Here at Musings, I sometimes feel as if I am beating the “contract is king” drum to death. However, each time I start to get this feeling, a new case out of either the Virginia state courts or the Fourth Circuit Court of Appeals here in Richmond reminds me that we all, lawyers and contractors alike, need to be reminded of this fact on a regular basis. The terms written into a construction contract (or any other contract for that matter) will control the outcome of any dispute in just about every case.
A recent 4th Circuit case takes this to the extreme in pointing out the the choice which of two tiny words can change the entire set of procedural rules and even the courthouse in which your dispute will be decided. In FindWhere Holdings Inc. v. Systems Env. Optimization LLC, the Fourth Circuit looked at a forum selection clause found in a contract between the parties. In this case, the clause stated that any dispute would be litigated in the courts “of the State of Virginia.” When the defendants tried to remove the case from Virginia state court to the Eastern District of Virginia federal courts, the federal court remanded the case, sending it back to the Circuit Court of Loudoun County, Virginia.
On appeal of this ruling, the 4th Circuit agreed with the remand and contrasted the language found in the contract (i. e. “of the State of Virginia) with other standard language stating “in the State of Virginia.” In upholding the district court, the 4th Circuit stated that the language containing the word of expressed sovereignty as opposed to the mere location expressed in the language using the word in. In the first case, the 4th Circuit stated, the federal courts have no jurisdiction while in the second they do. As such, the case could not continue in federal court.

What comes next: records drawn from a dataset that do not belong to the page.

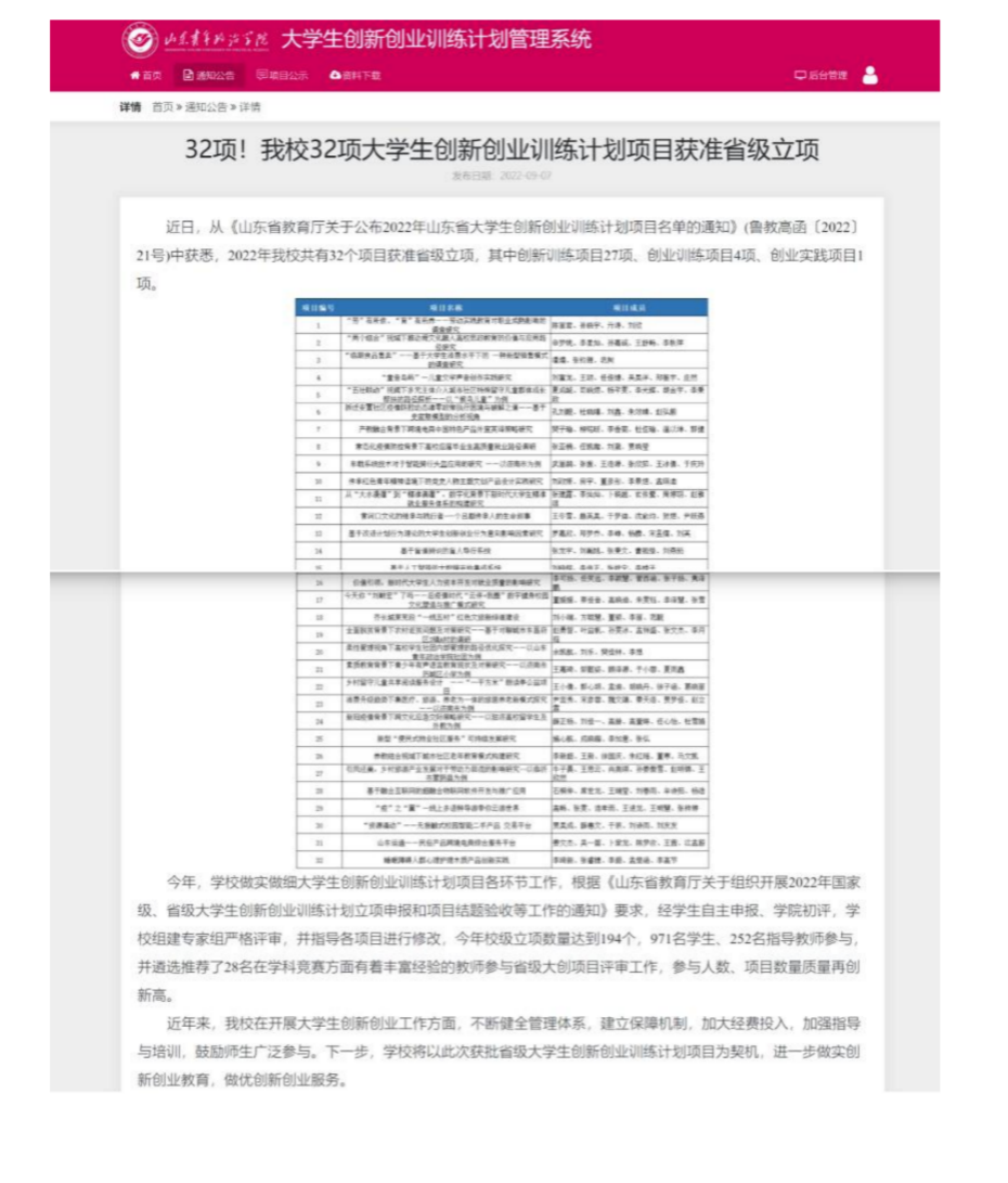 2023年大学生创新创业训练计划项目类国家级立项7项,省级立项10项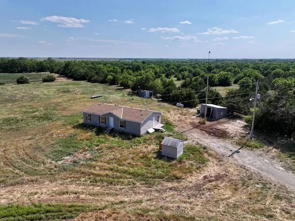 3 bedroom 2 bath double wide with 1248 square feet lot living area built in 2000 on 9.8 acres east of Douglass in Butler County, Kansas. A portion of the property is tillable farm ground currently plant to cotton! The house is on a water well, lagoon, and propane plus there is a Velocity tower in place. A good portion of the interior has been recently remodeled. There are a couple of misc. building that have some utility. With a good thick pocket of trees at both the north and south end, and a good amount of trees all along the west, this acreage offers some hunting and recreation opportunities. There is an additional 30.1 acre adjoining this property to the east that is also available!
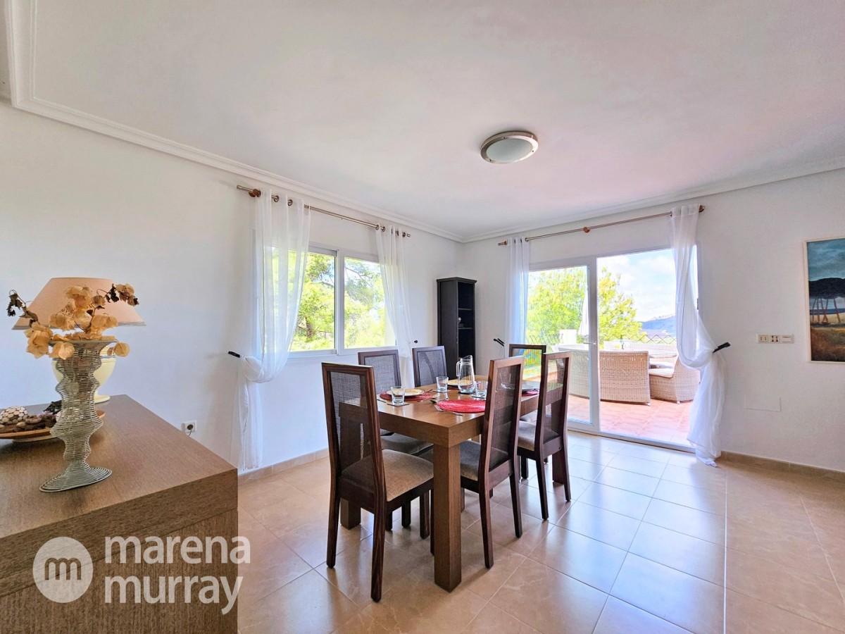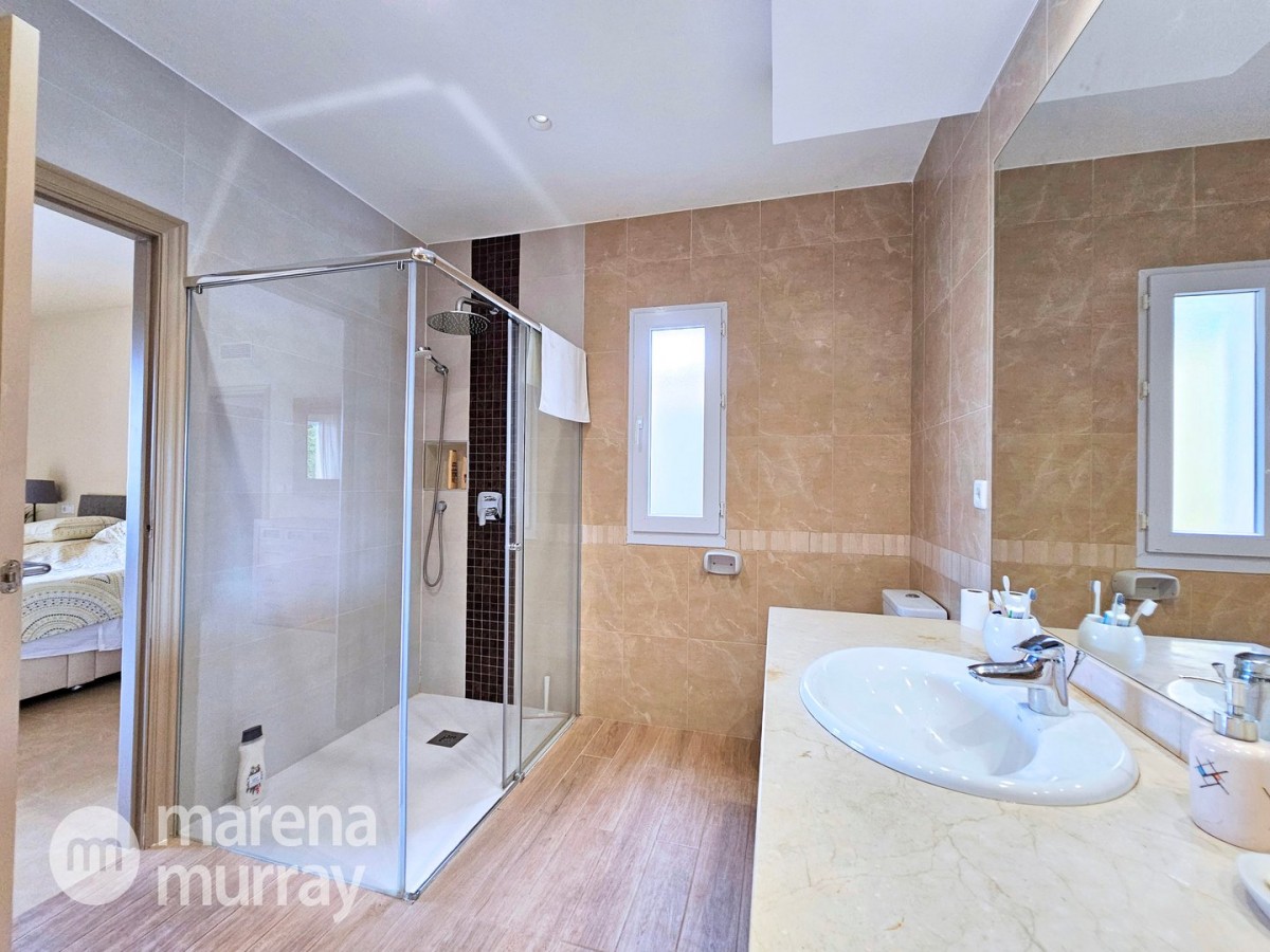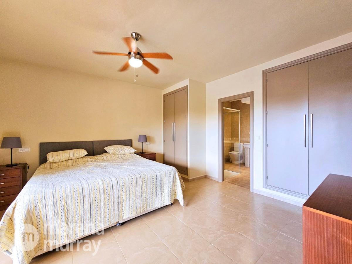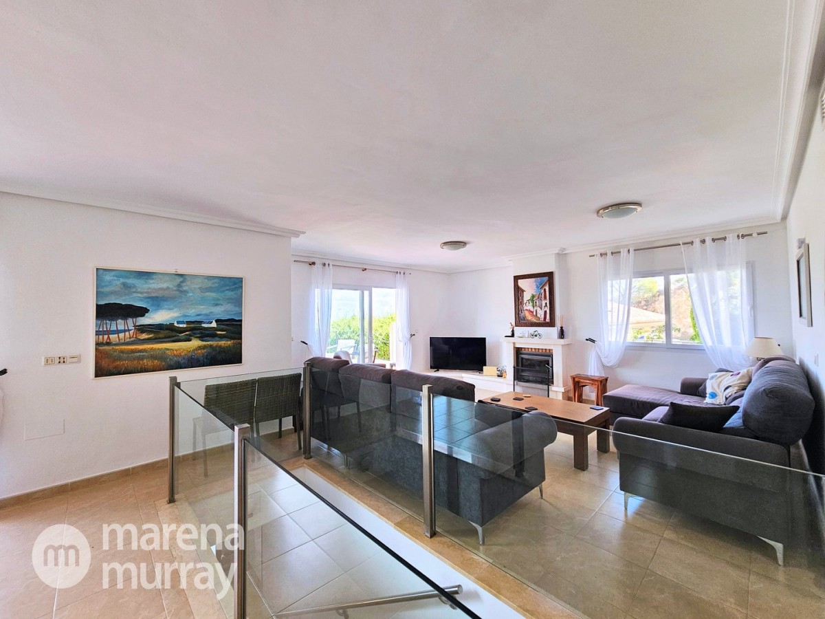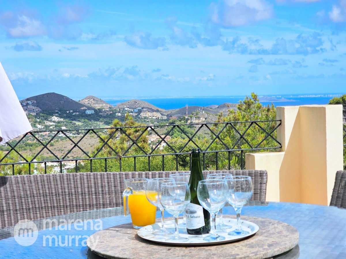 This modern four bedroom villa is located in the sought after Monte León community, set in an elevated position with wide reaching views across La Manga Club and the surrounding mountains. The interior is bright and contemporary, with an open plan layout and plenty of natural light throughout. The main living area opens onto a spacious terrace, which leads up to a generous solarium, ideal for relaxing or entertaining. From the main terrace, a staircase leads down to a second terrace where you'll find a private swimming pool and additional space for outdoor seating or sunbathing. The master bedroom features an ensuite bathroom and has direct access to the pool terrace through sliding doors. Both guest bedrooms, on the lower level, also have ensuite bathrooms with walk-in showers, providing privacy and comfort for family or visitors. A fourth bedroom is located on the entry level, next to a separate shower room. The villa is in excellent condition and offers modern finishes throughout. Its position in Monte León provides peace and privacy, while still being not too far from the amenities of La Manga Club. This property is well suited as a full time home or holiday home.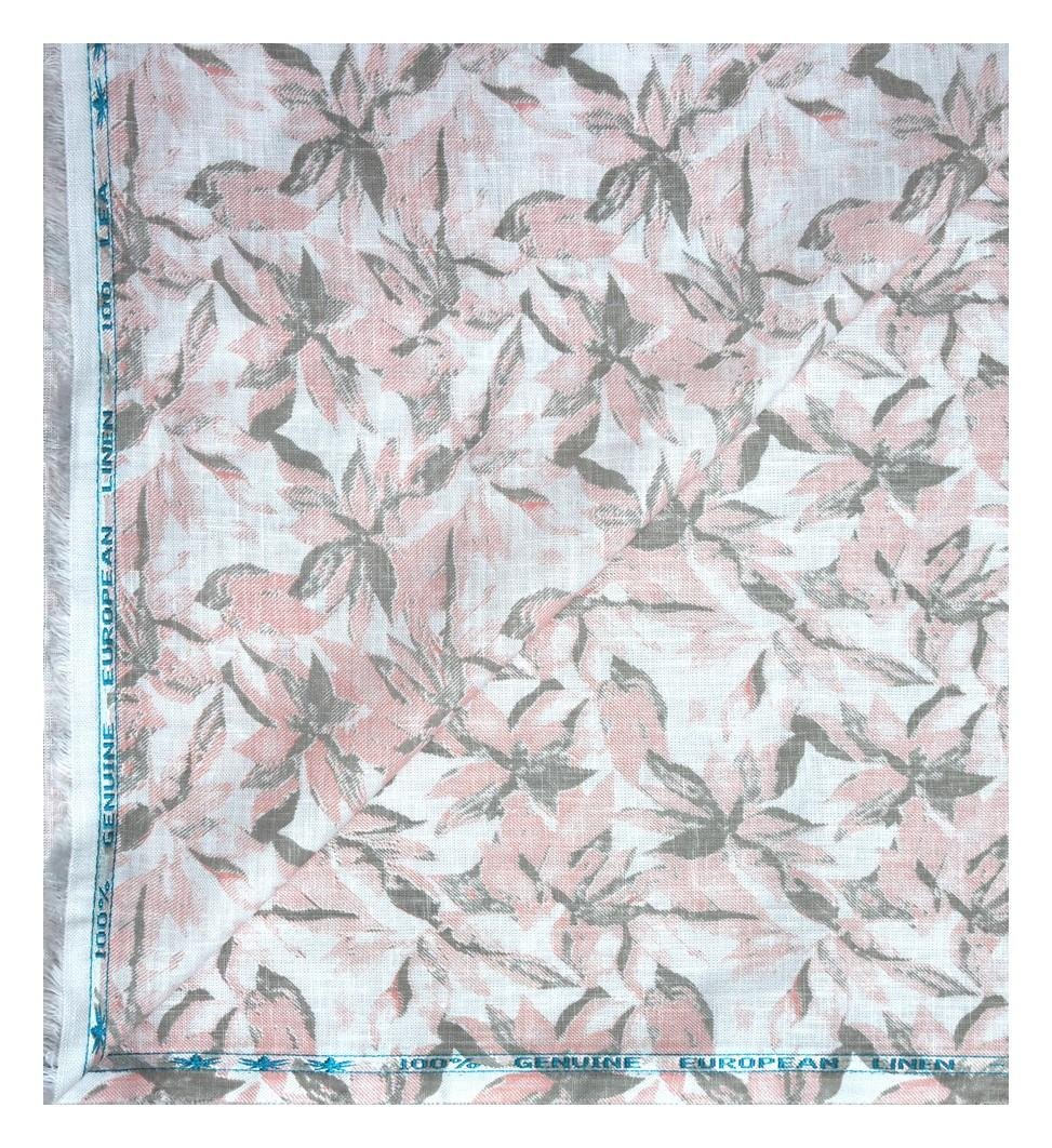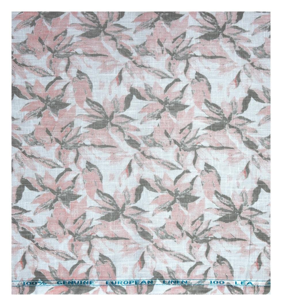 Weaves Empire 100% Genuine European Linen with 100 LEA count Peach colour Printed Unstitched Shirt Fabric - 1.60 Mts / VV2189

While this case does not involve construction, it is informative for all of us in the construction world who deal with written contracts on a daily basis. The Findwhere is a great reminder to read your construction documents carefully, and draft them with even more care. The lesson of this case is that a change in just one two-letter word can completely change the whole direction of a construction contract dispute. For this reason, the advice, early in the contracting process, of a qualified construction attorney knowledgeable in the way these little words make a difference is key.